My story begins in 1948 when, as a 3-year-old, I was enrolled at Tabor Home along with my sister Carol, who was seven years older. My four remaining siblings were farmed out to relatives. Our family, living in Lacy Park, PA (near Willow Grove), had fallen apart and our parents essentially abandoned us. My rather unstable mother was unable to cope with the care and feeding of six children.
At that age I was not prepared to live in an institution, no matter how well equipped it was to deal with children from dysfunctional families. And Tabor Home was not. My first memories were being scared to death and hiding under tables to avoid being seen. I was assigned to the "baby" room along with two other 3- or 4-year-old girls.
Today I would probably have been diagnosed as having attention deficit disorder (ADD), an affliction that was not recognized in the late 1940s. Instead I was branded as unruly, and duly disciplined. I spent many hours in isolation because of my spirited personality and dislike of authority.
I remember Sisters Emma and Jenny, who supervised in the girls' dormitory, as being sweet and kind, but I cannot say the same about Sister Wilma, the head administrator. I was always fearful of her and considered her cold and rather evil. There is some irony that my sister Carol was one of her favorites. I observed her behavior to a number of children and did my best to avoid her.
Although I was never a good student, I was glad when I became old enough to attend the elementary school in Edison, about a half-mile south of Tabor. I thought the teachers like Miss Ruth and Miss Young were great, as well as Mr. Hearn in the sixth grade. I never really felt smart in school but I appreciated the interest the teachers showed in me.
As a child I was often in trouble due to a rebellious streak I possessed. I could never be described as a "special little angel." For some reason, I really despised being controlled and I felt rules were just guidelines that could be broken as long as you didn't get caught. I would leave the grounds without permission when I wanted, play hooky from school or go night sledding after curfew. In the last example, I was caught by Sister Wilma and her German Shepherd dog and was confined to my room as a punishment.
Change was always a most difficult process for me, and transitioning from elementary to junior high was especially traumatic. My self-image was one of a tough girl from Tabor Home but the challenges of higher learning were quite daunting. It didn't help that I considered myself stupid.
I distinctly recall an incident that has haunted me my entire life. I was waiting to be picked up by my family for a short vacation. Sister Wilma saw me and asked me if I knew where Anna Beagle was? When I told her she was up in the woods, she sent me to fetch her. I replied that Anna wouldn't listen to me. I was told not to return without her.
As expected, Anna ignored my directive to report to Sister Wilma now. Fearing that my failure to carry out my mission would result in punishment, I picked up a stick in frustration and hurled it at the obstinate girl.
As bad luck would have it, the stick contained an embedded nail and it struck her in the face. With blood and tears flowing, Anna dashed from the woods seeking first aid.
Punishment came swift and sure. Vacation was cancelled and I was awarded one week in isolation. The only visitor was Sister Wilma's dog that I was deathly afraid of. Whenever the "killer" would wander into my room, I would hold my breath and pretend to be asleep until he departed. A very traumatic week for me!

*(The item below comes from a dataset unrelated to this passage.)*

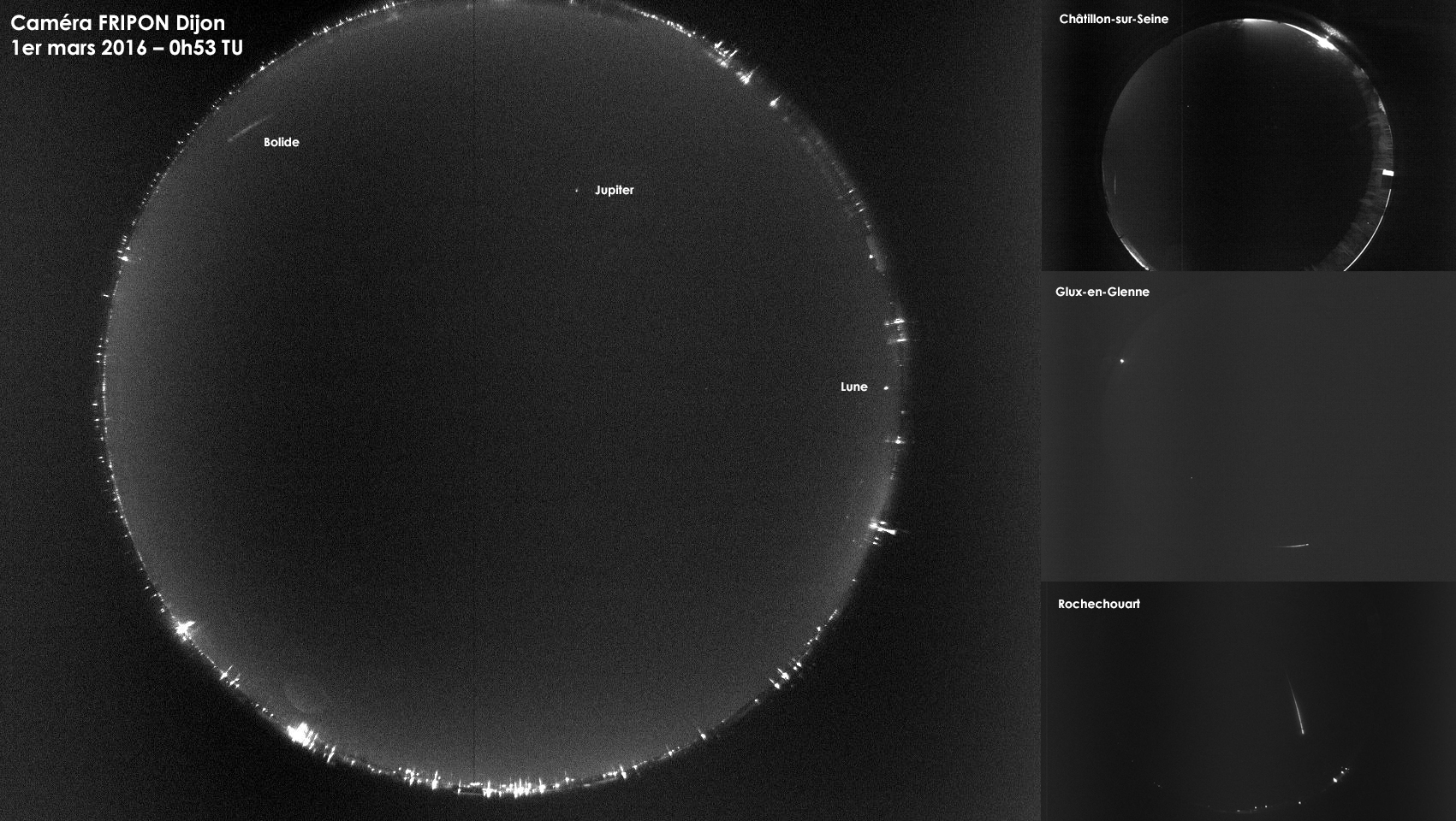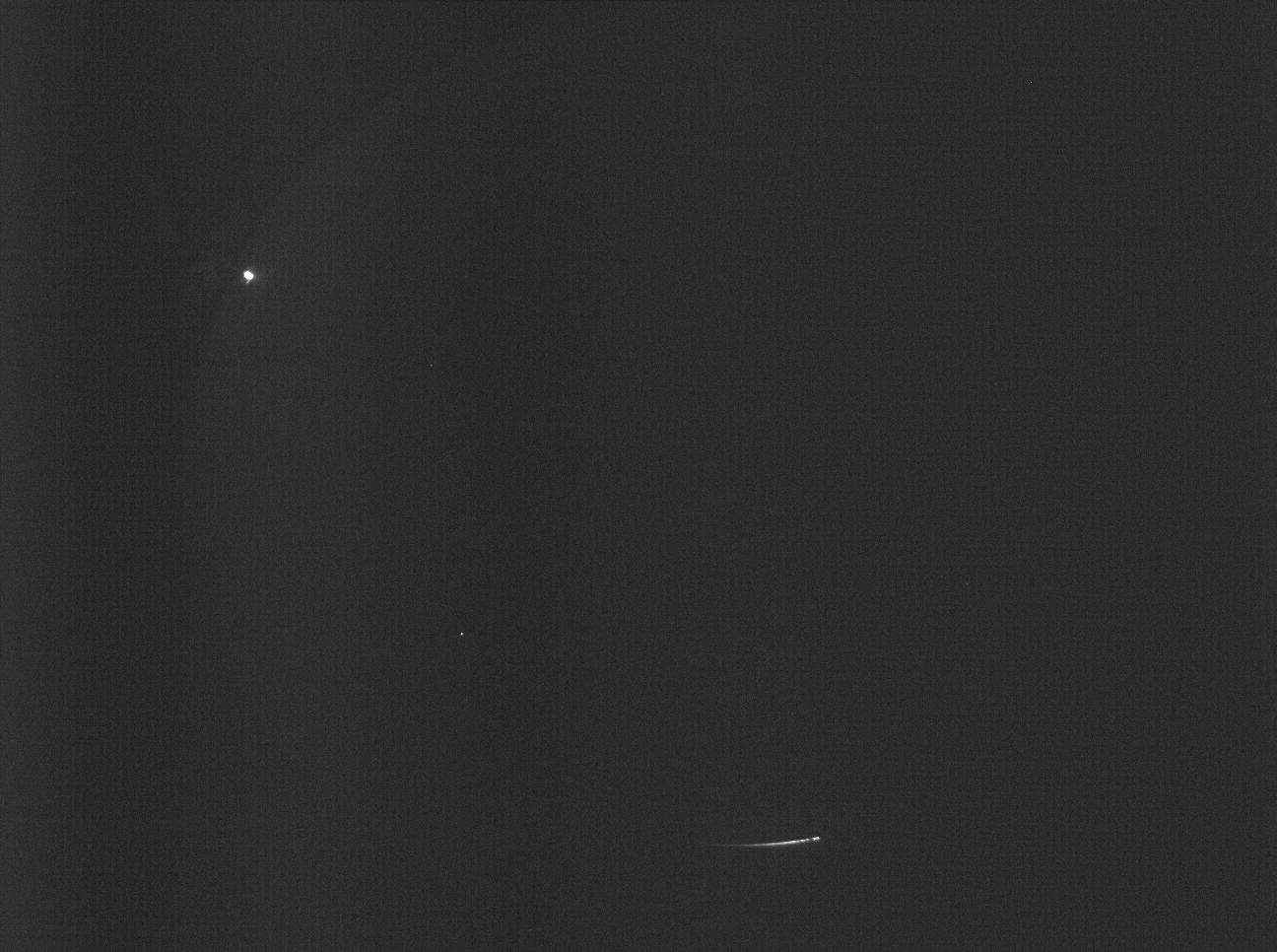 Bas sur l'horizon, certes, mais FRIPON, ça marche ! Merci à Francois Colas pour l'info et l'envoi de l'image. Le bolide est en haut à gauche, on voit également Jupiter (en haut) et la Lune qui se lève (à droite).

Any time my family (older sisters and aunts) would take me away on weekends or for short vacations in the summer, I would hate the thought of having to return to the Home. My relationship with Sister Wilma continued to deteriorate as I got older and finally she directed me not to return after a summer visit with my mother and stepfather. I had assumed my mother was informed that I was no longer allowed back at Tabor. But when I told her that I couldn't return, the look on her face indicated otherwise. She was not ready to have a 12-year-old rebel invade her one-bedroom apartment she shared with her new husband.
My new environment did not result in stability or normalcy for my teenage years. Between a shortage of food and being constantly behind in rent payments, I thought I'd have been better off staying at Tabor where I was assured of clothes and meals.
Now, in looking back at nine years at the Home, I have mixed feelings. I am thankful because it kept me alive. I do not think I would have survived otherwise. It developed a self-reliance that was a great benefit later in life. I loved the security and the "happy times" such as Christmas, sing-alongs and campfires. On the other hand, it was distressing that I had so little control of my life. Children had no rights in those days. I am thankful that society has changed for the better regarding that.
Postscript: I dropped out of Abington High School, married at 19 and had three girls. I was way too young and immature for marriage, and it ended in divorce. After a second failed marriage, I went back to school, started therapy and turned my life around. As I approach three-score years, I can honestly say I like who I am, realize I am quite intelligent and am an advocate of disadvantaged children. My girls have all turned out well and I am very proud of them. So, perhaps, all's well that ends well.